Usually, the focus of a hotel is on the hotel bit: namely, the bedrooms, the décor, the room service, menu-order pillows, fluffy white dressing gowns, impressively large bathtubs, a good selection of TV channels. Of course. Hotels are, after all, in the business of sleep – they’re where we go to wind down, to lie in.

Fishmore Hall, Ludlow, however, is different. It is not a hotel people go to for the hotel bit (though, yes: of course, people do sleep at Fishmore too – they’ve got all the fluffy slippers, dressing gowns, oversized bath tubs, pillow menus and this and that). But, no one goes to Fishmore Hall just for sleep. No. People go to Fishmore for the food.
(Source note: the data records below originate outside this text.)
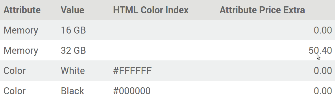每当选择了对应的属性值,都可以为产品价格添加额外价格。
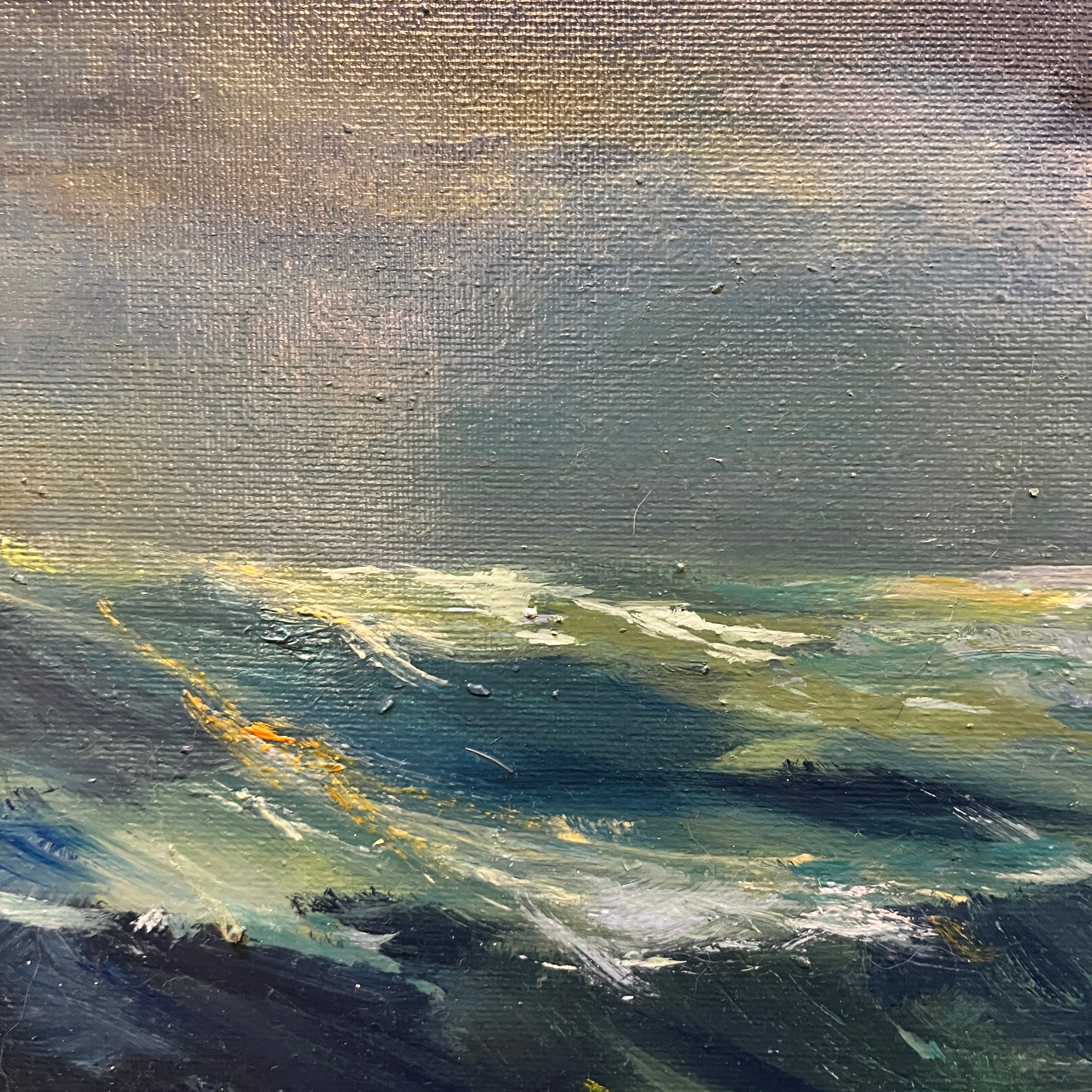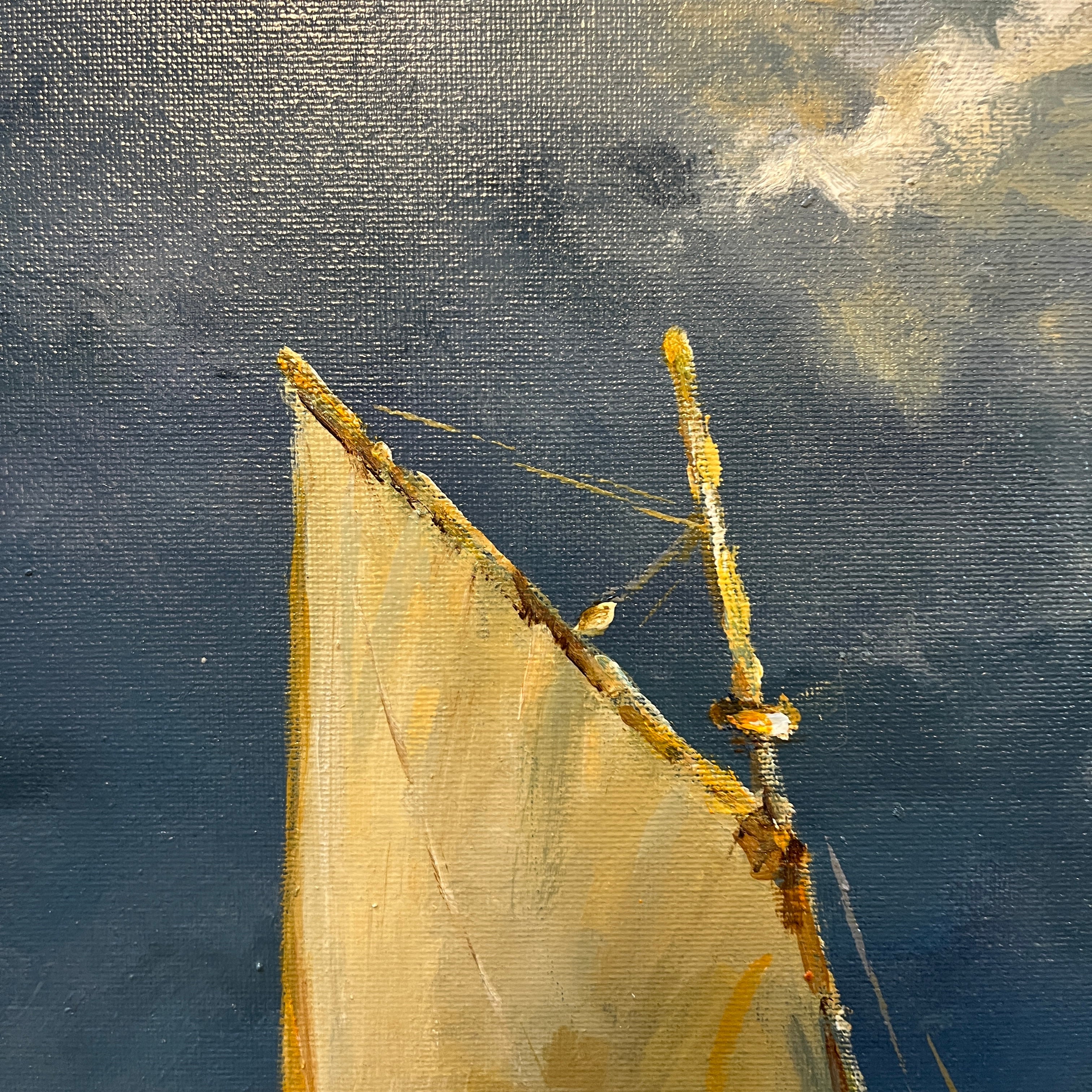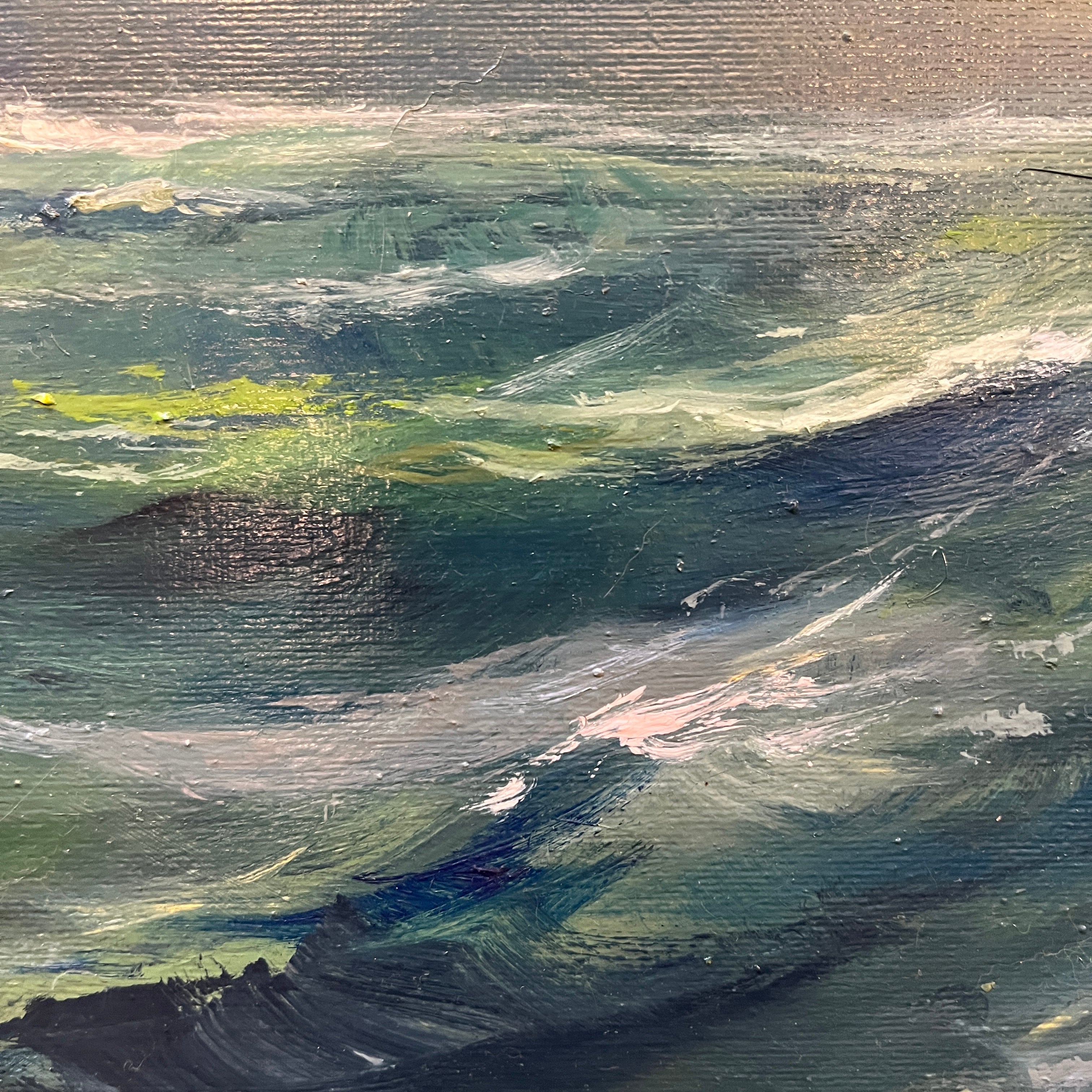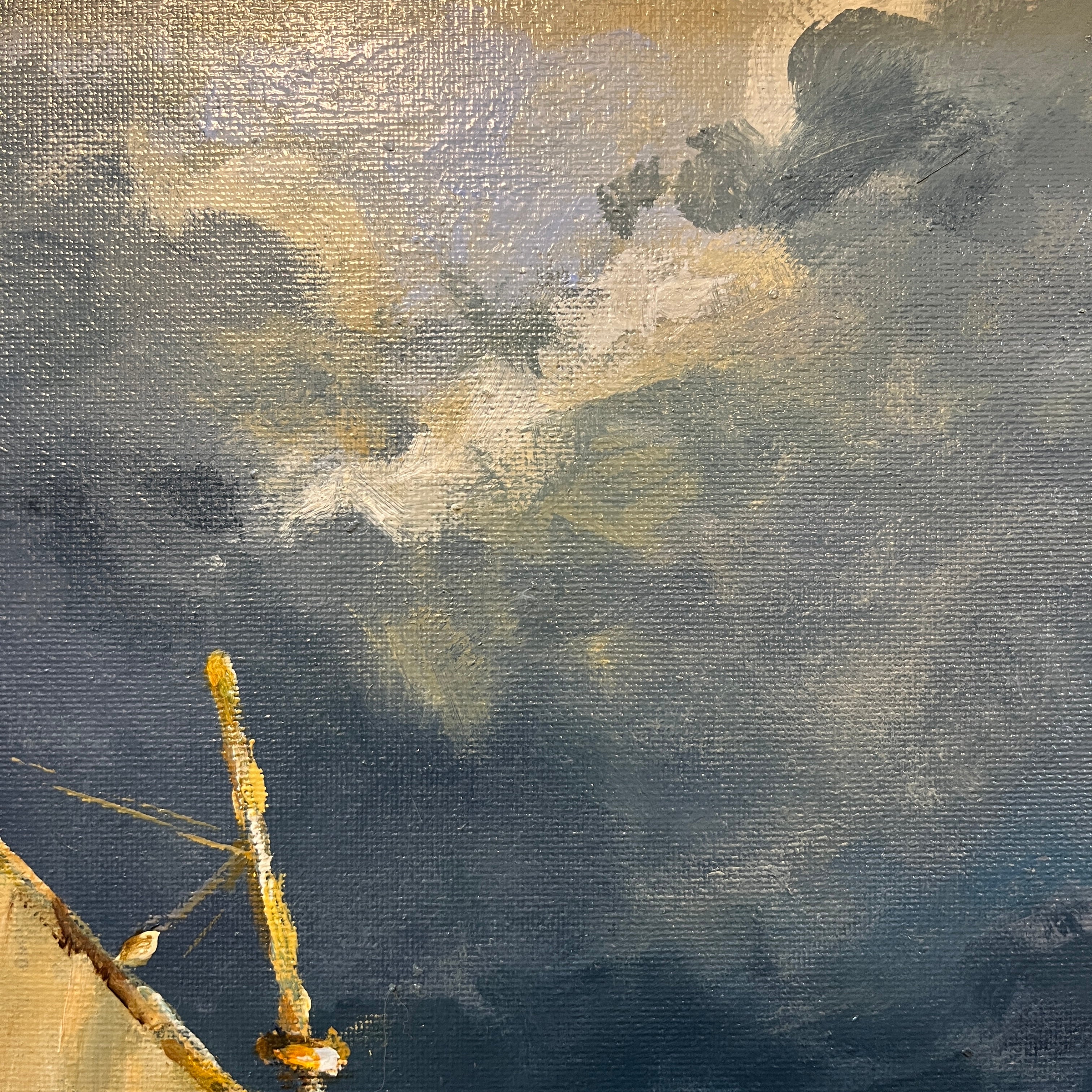 Vibrante marina del reconocido artista chileno 'Manoly', que representa en este óleo la braveza de tres tripulantes de un velero esquivando la turbulencia con una sencilla embarcación. La obra logra transmitir cierta incertidumbre y a la vez reflejar el coraje de quienes se encuentran enfrentado la marejada. En un segundo plano podemos ver en el horizonte otro velero también navegando.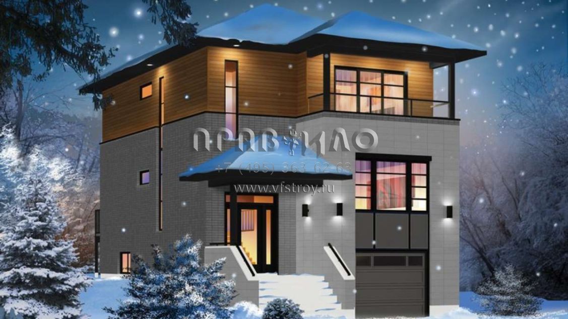 Проект двухэтажного дома с гаражом на одну машину в современном стиле S5-175 (034-01062)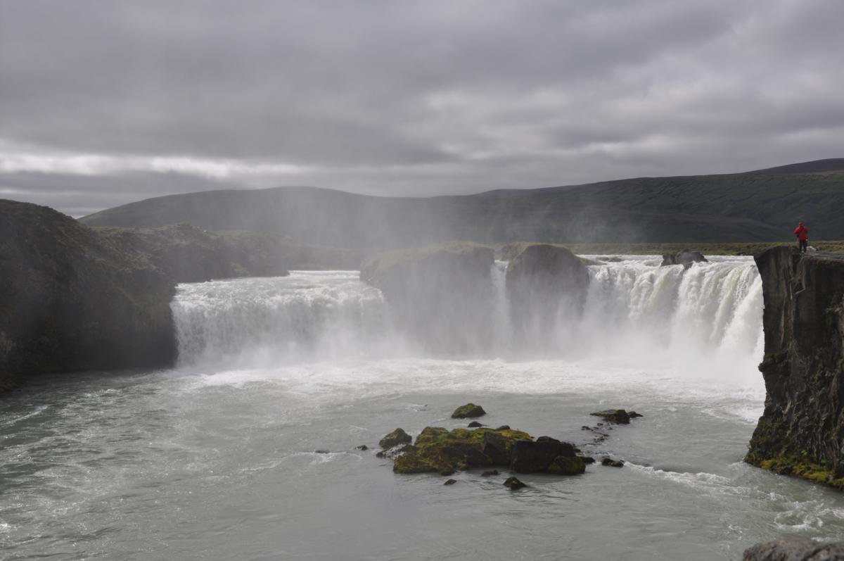 Dojeżdżamy nad Goðafoss. Piękny wodospad w kształcie podkowy. Kiedy jeszcze byliśmy daleko, to myślałem, że są tam gorące źródła, bo widać było, jakby chmurę wyrastającą z ziemi. Jednak, kiedy dojechaliśmy, mogliśmy podziwiać piękno wodospadu. Niestety, nad wodospadem zebrały się chmury i musiałem się zadowolić tym pięknym widokiem z pochmurnym niebem.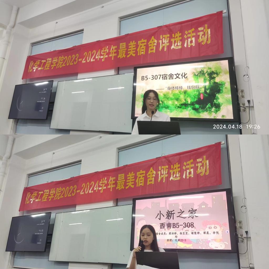 4月18日晚,化学工程学院“最美宿舍”评选决赛在化工楼C104举行。在决赛现场,8个参赛宿舍按照抽签顺序依次上台演讲和才艺展示。他们富有感情的演讲,向评委和观众介绍了自己宿舍的独特之处和温馨氛围。他们讲述了宿舍成员之间的趣事和共同经历,分享了宿舍文化的点滴积累,有的充满了浓厚的学习氛围,有的洋溢着欢乐的生活气息,有的则蕴含着温馨娴静的文化元素,充分展示了大学生朝气蓬勃的精神面貌和青春激昂的精神状态。除了精彩的演讲,各宿舍团队还准备了丰富多彩的才艺展示。有的宿舍带来了精心准备的大合唱,有的宿舍则献上了感情丰富的歌曲独唱,这些精彩的才艺展示不仅体现了同学们的个性魅力,也进一步加深了彼此之间的友谊和默契。
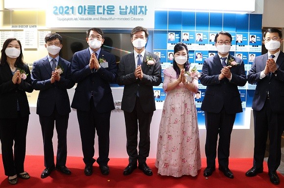 국세청(청장 김대지)은 성실납세와 나눔의 문화 확산을 위해 14일 세종청사 1층 조세박물관에서 ‘아름다운 납세자 홍보관’을 설치하고 ‘2021년 아름다운 납세자 30인’ 제막식을 개최했다.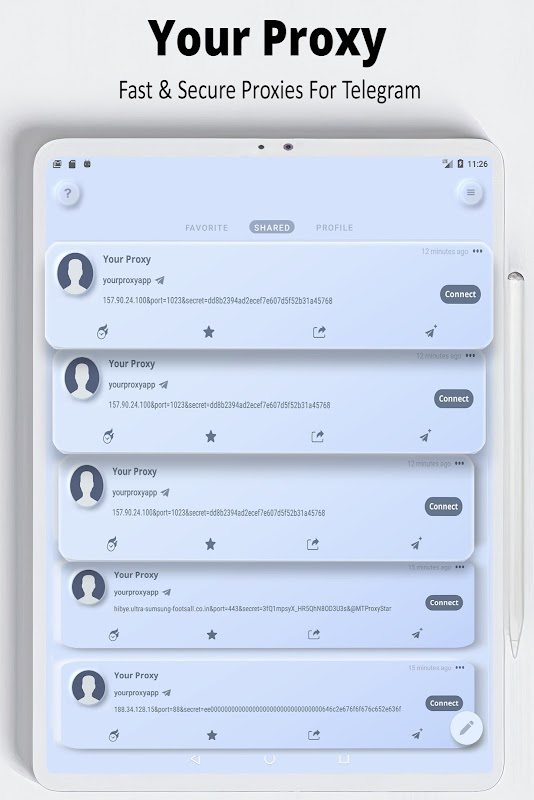 آپ کی پراکسی ایک سادہ اور طاقتور ایپ ہے جس کی مدد سے آپ کو قابل اعتماد MTProto پراکسیوں کے ساتھ ٹیلیگرام سے ایک محفوظ اور تیز رفتار رابطہ حاصل ہوتا ہے۔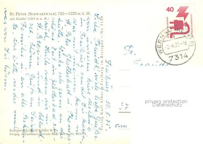 St_Peter_Schwarzwald Fliegeraufnahme mit Kandel St_Peter_Schwarzwald postalisch gelaufen 1975 Erhaltung siehe scans [WerneD78] WernPID7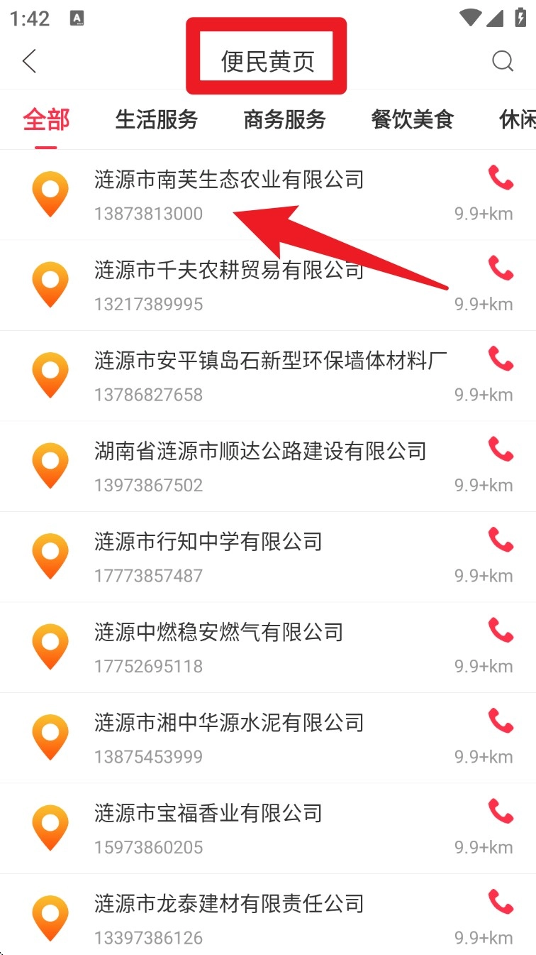 2. 点击便民黄页可查看本地商家联系方式,支持电话联系或就近浏览服务商。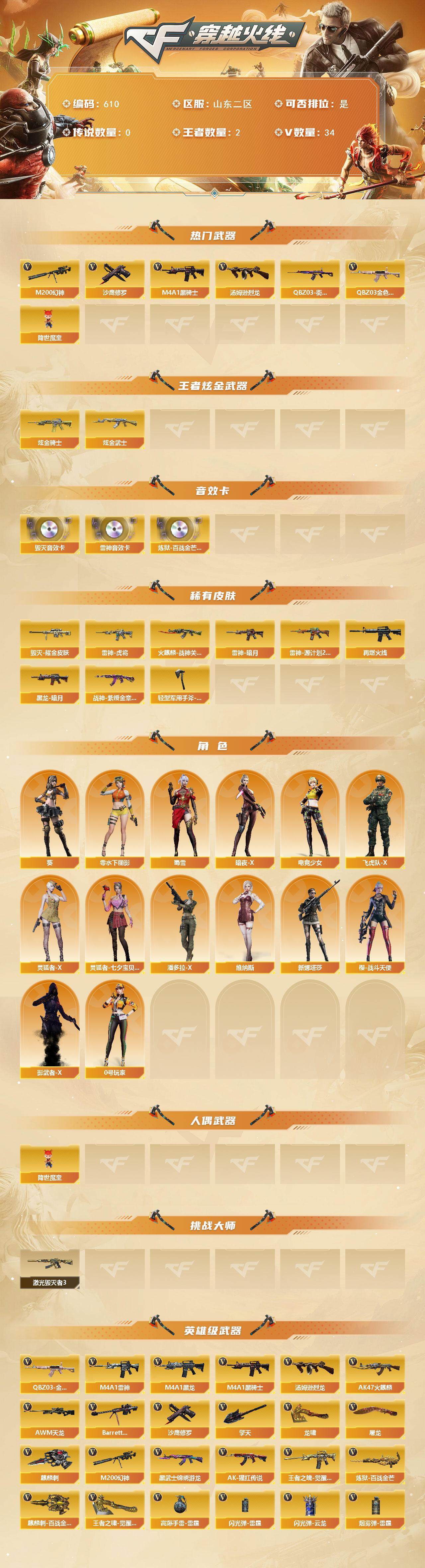 [14267764]山东二区-34v-2王者-2炫金 【热门武器】:q03-金色蔷薇,m200-幻神,q03-街机,m4a1-黑骑士,汤姆逊-烈龙3,降世魔童,沙鹰-修罗3 【王者炫金武器】:炫金骑士,炫金武士 【音效卡】:m4a1-雷神音效卡,barrett-毁灭音效卡,炼狱-百战金芒-庆典舞曲音效卡 【皮肤】:雷神-暗月,雷神-虎将,雷神-源计划2.0专属 皮肤,m4a1-再燃火线,火麒麟-战神关羽,毁灭耀金皮肤,黑龙-暗月,战神-紫绶金章皮肤,轻型军用手斧-再燃火线 【角色】:葵,暗夜-x,电竞少女,飞虎队-x,0号玩家,零-水下丽影,灵狐者-x,灵狐者-七夕宝贝,潘多拉-x,蜀雪,维纳斯,新娜塔莎,樱-战斗天使,影武者-x 【人偶武器】:降世魔童 【挑战大师】:激光毁灭者iii 【英雄级武器】:ak47-火麒麟,m4a1-黑龙,m4a1-雷神,m4a1-黑骑士,黑武士-锦绣游龙,q03-金色蔷薇,王者之魄-觉醒版,ak-47-猩红传说2,awm-天龙,barrett-毁灭,m200-幻神,炼狱-百战金芒,汤姆逊-烈龙3,沙鹰-修罗3,屠龙2,龙啸,擎天,麒麟刺,麒麟刺-百战金芒,王者之啸-觉醒版,高爆手蕾-雷霆,闪光丹-雷霆,闪光丹-云龙,盐雾蛋-雷霆 【道具】:cfs限定背包,战舰背包,炫彩背包,百战金芒炫彩背包,女皇终结者-魔龙之吻,妩媚妖姬,绿色巨人,灵魂忍者,迷雾幽灵,夺命之镰,防化服3,金色流光-呛王排位,呛王排位28赛季金色流光,语音特效-盛典烟火,萌萌小葵表情,ep战队名片,ep战队喷图,防弹头盔3,防弹衣4,c4工具钳3,手蕾包3 【特殊呛械】:1黑骑士,3烈龙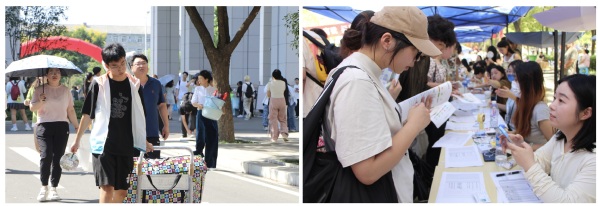 在校内,师生志愿者们服务在校园的各个角落,积极参与到报到接驳、秩序维护、校内指引等志愿服务工作中,热心、贴心、用心地为新生和家长答疑解惑。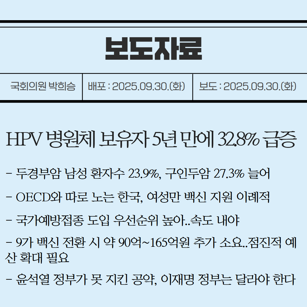 [국회의원 박희승 보도자료] HPV 병원체 보유자 5년 만에 32.8% 급증

The exquisite, gourmet, delicious food, by head chef, David Jaram. And that is exactly why I am here.

 

 

Before moving into the dining room however, I will briefly touch upon the bedroom. Spacious, yet still cosy, tall windows with pretty country-side views, a nescafe coffee machine, the option of having hot cookies brought up, clipper tea (I’m somewhat of a clipper tea aficionado), a huge, luxurious bed with soft linen, little white slippers, free wifi – everything one could possibly want in a hotel room. However, I have one qualm. The whole room is open plan, including the bathroom; the bath is just a few metres away from the bed and the toilet is behind just a free standing wall, with no doors on either end. It’s a bit of a strange arrangement, I must say, but I don’t mind it too much (just turn the TV up and have the coffee machine on when your partner goes to the toilet!).

Having only eaten toast for breakfast followed by a chain of coffees and a non-descript sandwich during my just-gone-by day in Shrewsbury (just under an hour away from Ludlow), I am, by the time we go down to be seated for dinner, quite hungry. The restaurant, Forelles, is unassuming and quiet, with a modest, but beautifully considered décor (my partner notices that even the fire door handles are uncharacteristically aesthetically pleasing). Before our first course, we are treated to a small entrée. I enjoy the sun-blushed tomato oil on crisp bread, dipped in hummus, crunching away un-elegantly. Upon waiting for our starters, I take the small pot of hummus to my place-setting and, whilst avoiding the eye-line of the reflection of a waiter (serving another couple), scoop out what’s left with my little finger. Yes, very unglamorous. But, for hummus this good, it just has to be done. Unexpectedly, before the starter, we are given not only hot, fresh bread (with perhaps the most mouthwateringly salty butter I’ve ever tasted), but also a small amuse-bouche: a white truffle, corn and beetroot soup – sweet, light and more-ish. A little teasing for the hungry stomach.

My starter is beautifully presented: bright green watercress soup, with halved boiled egg and a golden flourish of saffron in the centre. It doesn’t look like this for long, however. With a spoon in my hand, I take to the light challenge of destroying it. The flavours in this dish create a very unusual combination, each element being very light and delicate in taste, but surprisingly, it works quite magnificently. My partner’s pigeon starter is gone in an instant over exclamations of enjoyment.

For my main, I decide to be boring and pick a simple butternut squash and wild mushroom lasagna. I start to regret this, however, when my partner’s mackrel with cucumber sorbet comes to the table, stunningly presented in little bite-size clusters across the plate. My mind’s imagining of what my lasagna will look like, however, (standard pasta sheets with butternut squash and mushroom instead of the usual mince-meat filling) proves to be quite different to the one I am served… The top layer is an egg white foam with a spherical tip of butternut squash puree, all in the shape of a cracked egg. Beneath the foam is a whole poached egg, perfectly soft in the centre. The yolk pours out and spills across the lasagna sheets beneath which are not made from pasta, but are, rather, thinly sliced sheets of butternut squash. In between these orange layers are tenderly cooked wild mushrooms and , to top off the whole dish, are crispy, cooked, salted sage leaves. There aren’t really any words that can adequately sum up the tastes and textures of this dish. At lack of better word: delicious… divine.

I finish with a bread and butter pudding soufflé. Perfectly formed, like a cloud in a ramekin, with a side of tonka bean ice-cream. The soufflé is so light that, as I pierce it with my fork, there is the sound of tiny bubbles popping. My partner has the ten-cheeses cheese board, and impressively manages to finish it. We retire to our room quite satisfied. An absolutely remarkable dinner, worth travelling to Ludlow for to indulge in. Just five minutes after eating, I sprawl across the bed snuggled up in a big fluffy dressing gown with a clipper tea in my hand, in a post-dinner stupor. Whereby, usually, a hotel has a restaurant, it is the other way around here at Fishmore hall. Here, Forelles restaurant has a hotel.